_Dataset entries_:
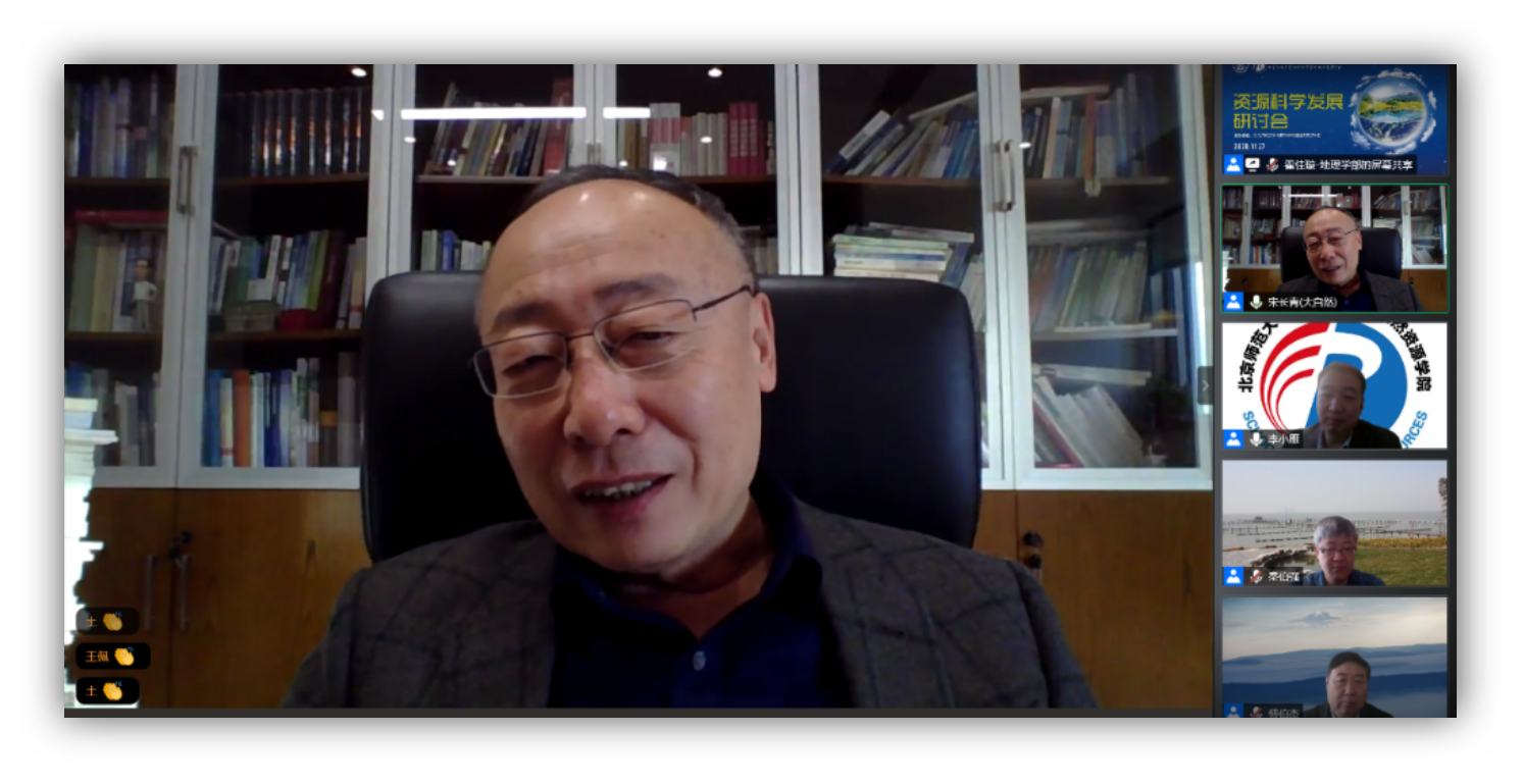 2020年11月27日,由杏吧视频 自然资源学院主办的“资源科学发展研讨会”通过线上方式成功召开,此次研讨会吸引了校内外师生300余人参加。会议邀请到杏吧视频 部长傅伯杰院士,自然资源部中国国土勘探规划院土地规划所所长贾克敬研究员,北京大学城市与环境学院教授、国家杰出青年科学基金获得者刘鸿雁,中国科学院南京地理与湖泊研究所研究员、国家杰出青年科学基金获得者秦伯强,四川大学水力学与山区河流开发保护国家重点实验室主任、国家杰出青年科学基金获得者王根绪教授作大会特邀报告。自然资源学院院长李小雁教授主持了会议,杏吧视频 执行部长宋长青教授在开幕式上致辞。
--
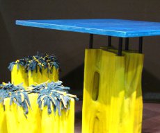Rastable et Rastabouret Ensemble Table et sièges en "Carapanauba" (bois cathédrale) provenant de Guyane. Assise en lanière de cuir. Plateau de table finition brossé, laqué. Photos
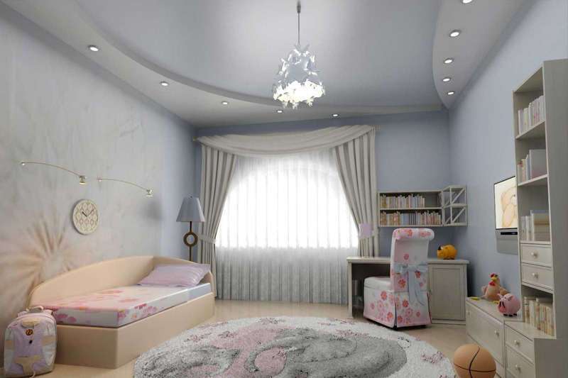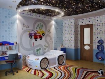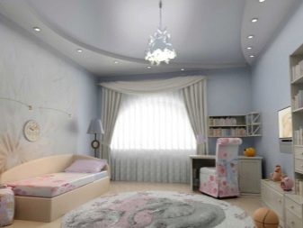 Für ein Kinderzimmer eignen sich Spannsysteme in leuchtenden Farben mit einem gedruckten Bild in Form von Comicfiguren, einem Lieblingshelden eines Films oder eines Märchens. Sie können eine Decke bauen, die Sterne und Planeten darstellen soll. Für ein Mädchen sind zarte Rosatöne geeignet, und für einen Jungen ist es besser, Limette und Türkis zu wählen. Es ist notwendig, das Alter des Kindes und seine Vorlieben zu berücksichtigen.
* * *
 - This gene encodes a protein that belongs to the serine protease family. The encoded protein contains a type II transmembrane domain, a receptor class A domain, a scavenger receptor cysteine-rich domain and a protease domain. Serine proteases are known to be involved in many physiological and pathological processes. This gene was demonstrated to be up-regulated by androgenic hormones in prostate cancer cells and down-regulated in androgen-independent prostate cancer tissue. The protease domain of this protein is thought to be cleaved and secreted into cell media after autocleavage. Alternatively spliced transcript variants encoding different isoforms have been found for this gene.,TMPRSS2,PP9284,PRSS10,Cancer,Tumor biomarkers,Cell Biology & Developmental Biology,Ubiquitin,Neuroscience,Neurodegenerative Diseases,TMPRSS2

_Problem statement_:
Take the lines above starting at the one containing "Rastable et Rastabouret" and ending at the one containing "Für ein Kinderzimmer", and print them again exactly, without pictures.

_Answer for the task_:
Rastable et Rastabouret Ensemble Table et sièges en "Carapanauba" (bois cathédrale) provenant de Guyane. Assise en lanière de cuir. Plateau de table finition brossé, laqué. Photos
 Für ein Kinderzimmer eignen sich Spannsysteme in leuchtenden Farben mit einem gedruckten Bild in Form von Comicfiguren, einem Lieblingshelden eines Films oder eines Märchens. Sie können eine Decke bauen, die Sterne und Planeten darstellen soll. Für ein Mädchen sind zarte Rosatöne geeignet, und für einen Jungen ist es besser, Limette und Türkis zu wählen. Es ist notwendig, das Alter des Kindes und seine Vorlieben zu berücksichtigen.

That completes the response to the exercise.